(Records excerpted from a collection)
━━━━━━━━

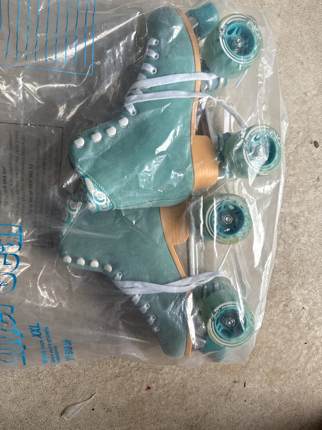 Selling a pair of Candi Girl roller skates in a lovely teal colour! They're still in the original packaging. Perfect for some fun at the roller rink or cruising around the neighbourhood (size 5)
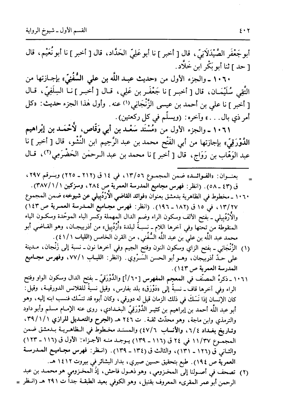 أبو جعفر الصيدلاني قال [أخبر] نا أبو علي الحداد قال [أخبر] نا أبو نعيم قال [حد] ثنا أبو بكر ابن خلاد. 1060 - والجزء الأول من "حديث عبد الله بن علي السفني" بإجازتها من التقي سليمان قال [أخبر] نا جعفر بن علي قال [أخبر] نا السلفي قال [أخبر] نا علي بن أحمد بن عيسى الزنجاني عنه. وأول هذا الجزء حديث: "كل أمر ذي بال ... " وآخره: (ويسلم في كل ركعتين). 1061 - والجزء الأول من "مسند سعيد بن أبي وقاص لأحمد بن إبراهيم الدوروقي" بإجازتها من أبي الفتح محمد بن عبد الرحيم ابن النشو قال [أخبر] نا عبد الوهاب بن رواج قال [أخبر] نا محمد بن عبد الرحمن الحضرمي قال
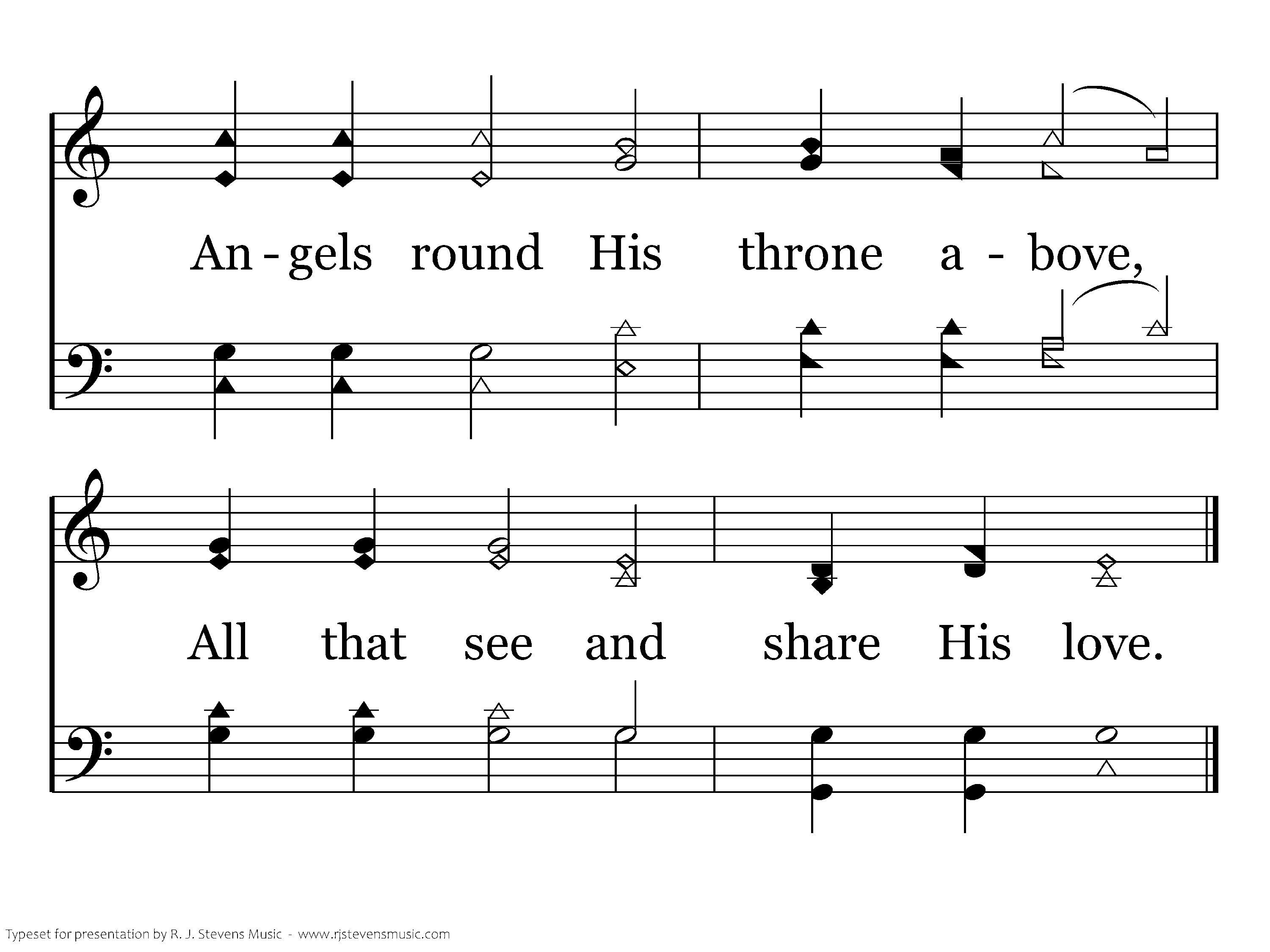 Praise the Lord, His glories show, Saints within His courts below, Angels round His throne above, All that see and share His love.
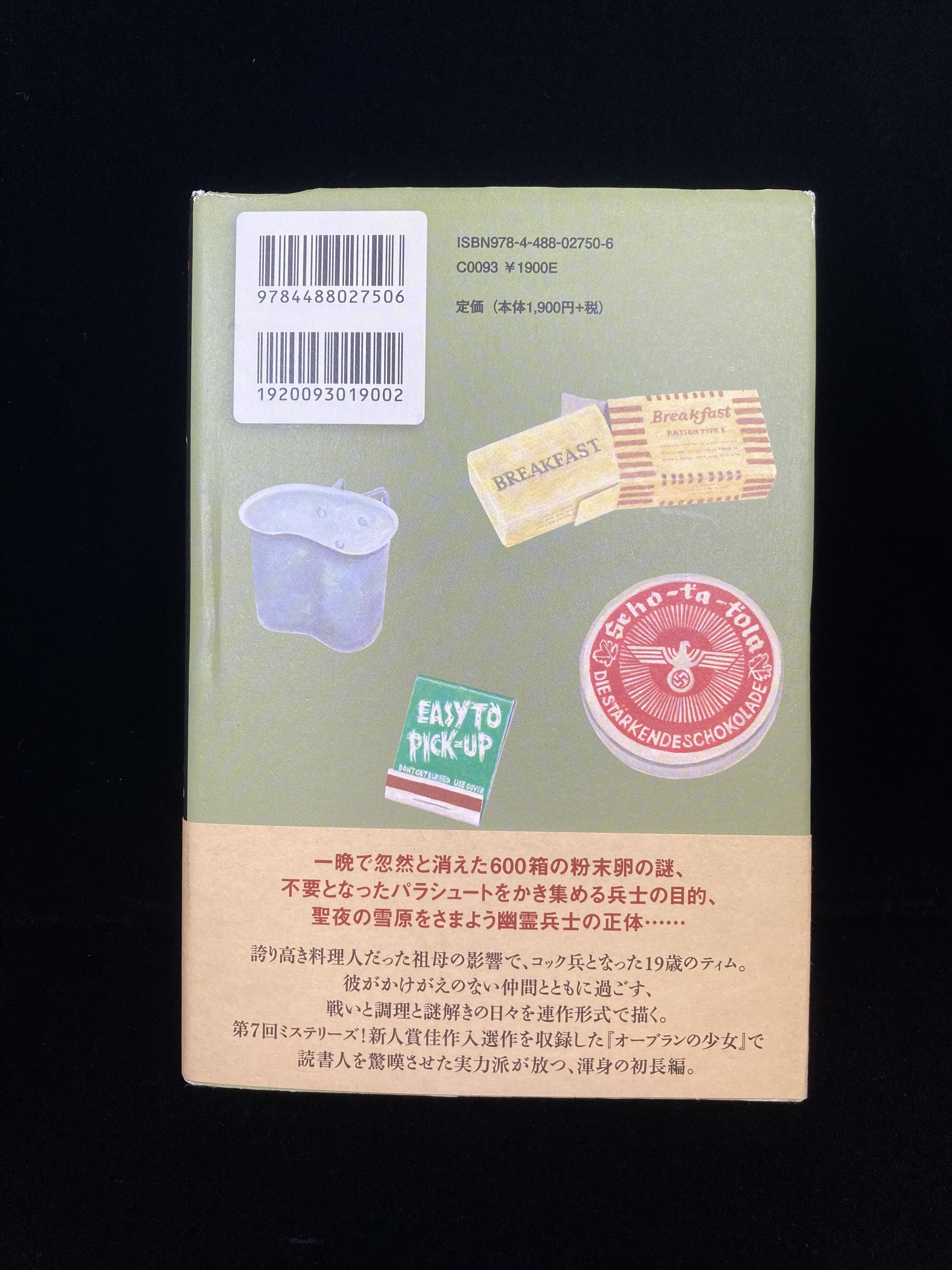 1944年6月、ノルマンディー上陸作戦が僕らの初陣だった。特技兵(コック)でも銃は持つが、主な武器はナイフとフライパンだ。新兵ティムは、冷静沈着なリーダーのエド、お調子者のディエゴ、調達の名人ライナスらとともに、度々戦場や基地で奇妙な事件に遭遇する。不思議な謎を見事に解き明かすのは、普段はおとなしいエドだった。忽然と消え失せた600箱の粉末卵の謎、オランダの民家で起きた夫婦怪死事件など、戦場の「日常の謎」を連作形式で描く、青春ミステリ長編。
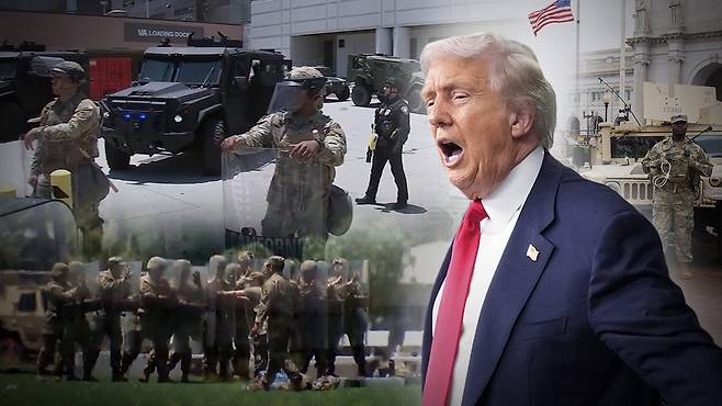 그런데 트럼프도 이번에 린든 존슨 대통령이후 60년 만에 주지사 동의 없이 주방위군을 동원했습니다. 트럼프 대통령은 불법이민 단속에 반대하는 시위가 도를 넘었다며 지난 6월 캘리포니아에 주방위군 2천 명을 투입했습니다. 이번 일련의 주방위군 투입의 첫 사례였습니다. 워싱턴시는 주는 아니고 연방직속의 특별구역이란 지위에 있지만 역시 워싱턴 시장 동의 없이 주방위군이 투입된 건 마찬가지입니다. 60년 만에 새로운 역사를 트럼프 대통령이 만들고 있는 겁니다.
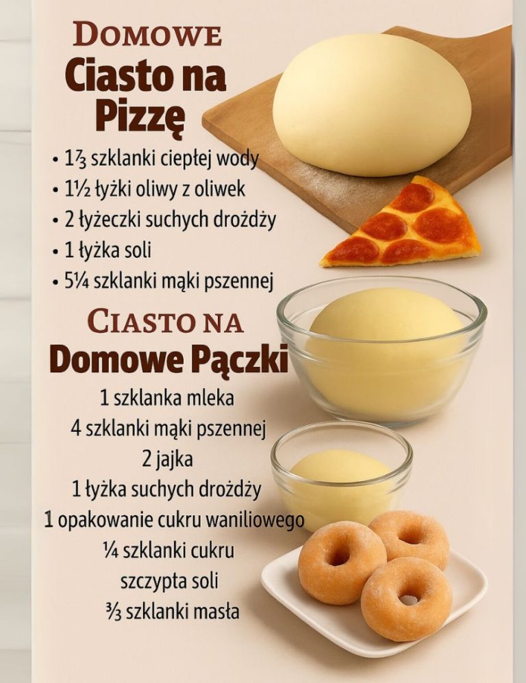 Dziś miksujemy dwa ciasta – jedno na chrupiącą pizzę 🍕, drugie na puszyste pączki 🍩. 1) Domowe ciasto na pizzę 🍕 Składniki (na 2 średnie pizze): 1⅓ szklanki ciepłej wody (ok. 320 ml) 💧 1½ łyżki oliwy z oliwek 2 łyżeczki suchych drożdży (ok. 7 g) 1 łyżka soli 5¼ szklanki mąki pszennej (ok. 650 … Read more
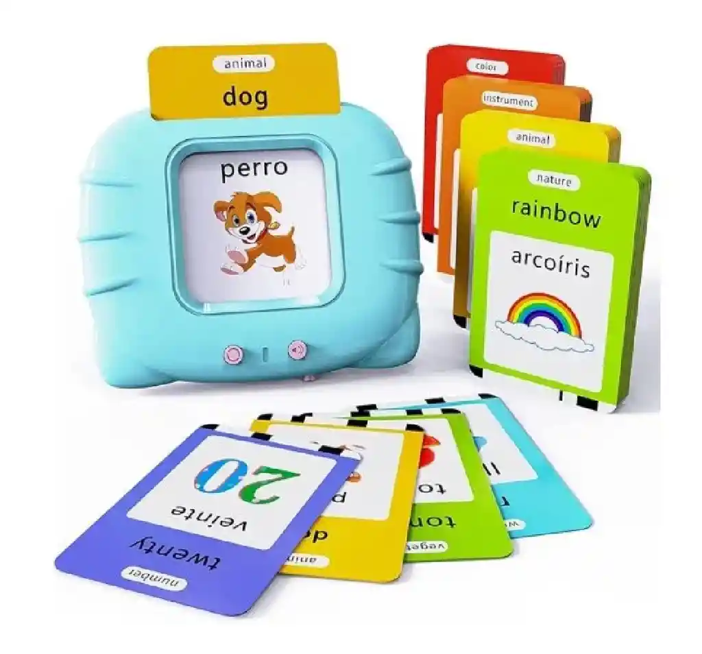 ¡Aprende INGLES jugando! Más de 112 TARJETAS en inglés y español. Nuestras tarjetas interactivas con sonido enseñan inglés y español de forma divertida. harán que el aprendizaje sea una aventura. Las tarjetas didácticas con sonido son la forma más divertida y efectiva de enseñar inglés y español a los niños.🎶🎵 Con ilustraciones coloridas y pronunciación nativa, los pequeños aprenderán vocabulario nuevo y mejorarán su pronunciación de manera natural. Más que tarjetas, una experiencia de aprendizaje!✨ Simplemente inserta la tarjeta en la ranura del lector, y el lector leerá las palabras y hará un sonido simulado imitando al animal o el objeto automáticamente. La herramienta perfecta para padres y educadores👪 ¡Despierta al bilingüe que hay en tu hijo! Comparte con tu pequeño momentos inolvidables mientras le enseñas el idioma MAS HABLADO EN EL MUNDO! ¿Por qué elegir nuestras tarjetas?🛍️ Aprendizaje inmersivo: Sumérgete en dos idiomas de forma natural y divertida. Desarrollo integral: Mejora la pronunciación, el vocabulario y la creatividad. Calidad superior: Sonido nítido, ilustraciones vibrantes y materiales duraderos. Perfecto para todas las edades: Ideal para niños desde los 3 años. Vocabulario amplio: Más de 112 palabras en inglés y español. ¡No esperes más para darle a tu hijo la mejor educación!
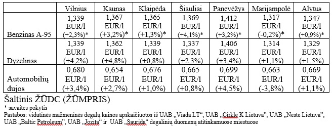 2024 m. 41savaitę didmeninėje prekyboje vidutinės degalų kainos didėjo. Didmeninė dyzelino kaina analizuojamu laikotarpiu padidėjo 3,7 proc., dyzelino žemės ūkiui – 5,6 proc., automobilių dujų – 1,4 proc., benzino A-95 – 2,5 proc., o šildymo kuro – 6,6 proc. Palyginti su 2023 m. atitinkamu laikotarpiu didmeninė dyzelino kaina sumažėjo 11,3 proc., šildymo kuro – 15,6 proc., dyzelino žemės ūkiui – 19,3 proc., benzino A-95 – 9,2 proc., o automobilių dujų – padidėjo 11,1 proc.

━━━━━━━━

Task item: Pictures stay out. Print the lines of the records above exactly, from the first through the one with "그런데 트럼프도 이번에".

Output of the task:
 Selling a pair of Candi Girl roller skates in a lovely teal colour! They're still in the original packaging. Perfect for some fun at the roller rink or cruising around the neighbourhood (size 5)
 أبو جعفر الصيدلاني قال [أخبر] نا أبو علي الحداد قال [أخبر] نا أبو نعيم قال [حد] ثنا أبو بكر ابن خلاد. 1060 - والجزء الأول من "حديث عبد الله بن علي السفني" بإجازتها من التقي سليمان قال [أخبر] نا جعفر بن علي قال [أخبر] نا السلفي قال [أخبر] نا علي بن أحمد بن عيسى الزنجاني عنه. وأول هذا الجزء حديث: "كل أمر ذي بال ... " وآخره: (ويسلم في كل ركعتين). 1061 - والجزء الأول من "مسند سعيد بن أبي وقاص لأحمد بن إبراهيم الدوروقي" بإجازتها من أبي الفتح محمد بن عبد الرحيم ابن النشو قال [أخبر] نا عبد الوهاب بن رواج قال [أخبر] نا محمد بن عبد الرحمن الحضرمي قال
 Praise the Lord, His glories show, Saints within His courts below, Angels round His throne above, All that see and share His love.
 1944年6月、ノルマンディー上陸作戦が僕らの初陣だった。特技兵(コック)でも銃は持つが、主な武器はナイフとフライパンだ。新兵ティムは、冷静沈着なリーダーのエド、お調子者のディエゴ、調達の名人ライナスらとともに、度々戦場や基地で奇妙な事件に遭遇する。不思議な謎を見事に解き明かすのは、普段はおとなしいエドだった。忽然と消え失せた600箱の粉末卵の謎、オランダの民家で起きた夫婦怪死事件など、戦場の「日常の謎」を連作形式で描く、青春ミステリ長編。
 그런데 트럼프도 이번에 린든 존슨 대통령이후 60년 만에 주지사 동의 없이 주방위군을 동원했습니다. 트럼프 대통령은 불법이민 단속에 반대하는 시위가 도를 넘었다며 지난 6월 캘리포니아에 주방위군 2천 명을 투입했습니다. 이번 일련의 주방위군 투입의 첫 사례였습니다. 워싱턴시는 주는 아니고 연방직속의 특별구역이란 지위에 있지만 역시 워싱턴 시장 동의 없이 주방위군이 투입된 건 마찬가지입니다. 60년 만에 새로운 역사를 트럼프 대통령이 만들고 있는 겁니다.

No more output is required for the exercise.